Spray-painted on a building in Lugansk, in the Donbass, is a ribbon in the yellow color of Ukraine: simple graffiti, but a real sign of defiance to the Russian forces which control the city. In Yalta, Crimea, the same symbol appears here and there, on the trees, railings and low walls of the seaside resort located on the shores of the Black Sea. In these two cities, nearly 1,000 kilometers apart, members of the Ukrainian resistance movement Yellow Ribbon, founded two months after the start of the Russian invasion, launched new actions on the night of June 10. Present in the territories occupied by the Russians since 2022, as in 2014, the organization has a clear objective: to fight, in a non-violent way, against the occupiers.
In the galaxy of resistance movements born after the February 24 invasion of Ukraine, others have chosen arms. On June 11, partisans demanded the elimination of a group of Russian soldiers who occupied a house in the village of Chkalove, not far from Melitopol, in the south of the country. “The enemy cannot feel safe in the temporarily occupied territories of the Zaporizhia region. It does not matter whether he is at the front or in the rear”, proclaims the National Resistance Center (NRC), which depends on the Ukrainian army, and took over the operation. On the same day, a railway bridge was reportedly targeted further north in the village of Yakymivka, while a bomb blew up a railway track in Crimea. “The action of the partisans is essential, emphasizes General Nicolas Richoux, former commander of the 7th Armored Brigade. By being active in the rear, they can destroy enemy lines of communication and disrupt its logistics.” A precious asset, at a time when kyiv has launched its counter-offensive, to reconquer its lost territories.
“Yesterday betrayal, today panic”
The first actions began less than a week after the start of the invasion. Considered a “traitor”, the pro-Russian mayor of the city of Kreminna, Volodymyr Struk, was found dead on March 2, 2022, of a bullet to the heart, after being kidnapped the day before by men in fatigues. Since then, in the occupied territories, a long list of local officials have followed him to the grave. Thus the Russian director in charge of youth in the city of Kherson, Dmitro Savluchenko, killed in his car on June 24, 2022; the deputy head of the occupation administration of Nova Kakhovka, Vitaly Gura, shot on August 6, 2022 in the street; or more recently the Melitopol police chief, Oleksandr Mishchenko, who died in an explosion at the entrance to his home. “The path of each collaborator is predictable: yesterday betrayal, today panic, tomorrow massacre”, reacted on Telegram the mayor in exile of Melitopol, Ivan Fedorov, following the homicide.

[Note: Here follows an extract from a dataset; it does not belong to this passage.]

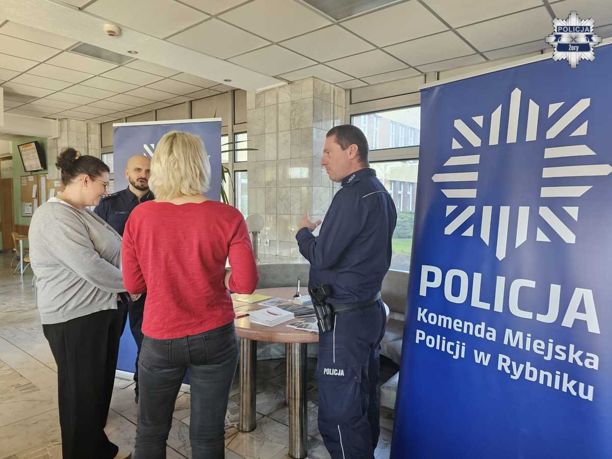 20 października 2025 roku w siedzibie Zakładu Ubezpieczeń Społecznych w Rybniku żorscy mundurowi wspólnie z policjantami z Komendy Miejskiej Policji w Rybniku uczestniczyli w spotkaniu z seniorami w ramach ogólnopolskiej akcji „Świadome decyzje – bezpieczny senior”. Podczas prelekcji rozmawiali o bezpieczeństwie osób starszych, przypominając o kampaniach „Znam te numery”, „Fałszywa tożsamość – prawdziwe ryzyko” oraz „Bezpiecznie, zdrowo, bezgotówkowo”.

“We only know a part of what is happening, insofar as it is generally about actions that are not very attributable and not very attributed, notes Mathieu Boulègue, Chatham House associate researcher. sabotages and targeted assassinations, the partisans are also active in intelligence, and carry out reconnaissance operations in order to recover information where the Ukrainian army is not able to go. On June 13, the NRC called on all residents of the occupied territories “to help the partisans and join the resistance”. “Thanks to the activities of the Ukrainian maquis, which transmits information about the enemy, the defense forces manage to eliminate the invaders. Therefore, your activity and the activity of those who heroically resist the enemy occupation bring us closer to the victory”, writes the organization on its site, which also offers practical instructions for “fighting the enemy effectively” and “in safety”.
Dilution of Russian forces
Among the most active groups is the Atesh movement (fire, in Ukrainian), whose members claimed responsibility for the car bomb attack in early May that seriously injured Zakhar Prilepin, a prominent pro-Kremlin propagandist, in a village in the region. of Nizhny Novgorod in Russia. Among other feats of arms, this group founded in September 2022 by Crimean Tatars, Ukrainians and Russians, claimed the elimination of a Russian unit on patrol in the Kherson region last April, or that of two Russian officers in Crimea, late January. “Maintaining a fight of insecurity in the occupied territories forces the Russians to dilute their forces by leaving more men behind to ensure security, points out General Richoux. This can quickly represent thousands of men and that is a real handicap, which the Germans knew well during the Second World War.
If at the beginning of May, the Russian Federal Security Service (FSB) – which was able to perfect its brutal methods of counter-insurgency in the 1990s in Chechnya – announced the arrest in Crimea of seven individuals armed with “explosive devices”, Moscow was nevertheless obliged, according to the Ukrainian authorities, to reinforce its occupation police later in the month with forces from the Rosgvardia, the Russian national guard.
To improve the tracking of partisans, the occupation authorities are said to have also introduced a system of “passes” in the Zaporijia region, in addition to increasing the number of cameras at the beginning of June responsible for monitoring towns and cities. Strategic axes. “The multiplication of attacks also aims to create a feeling of fear among the Russian occupying forces, points out General Dominique Trinquand, former head of the French mission to the UN. The objective is to increase the cost of holding these territories.” A point on which the NRC could not be clearer on its site, summarizing its motto in these terms: “Together, we will transform the lives of the occupants into hell.”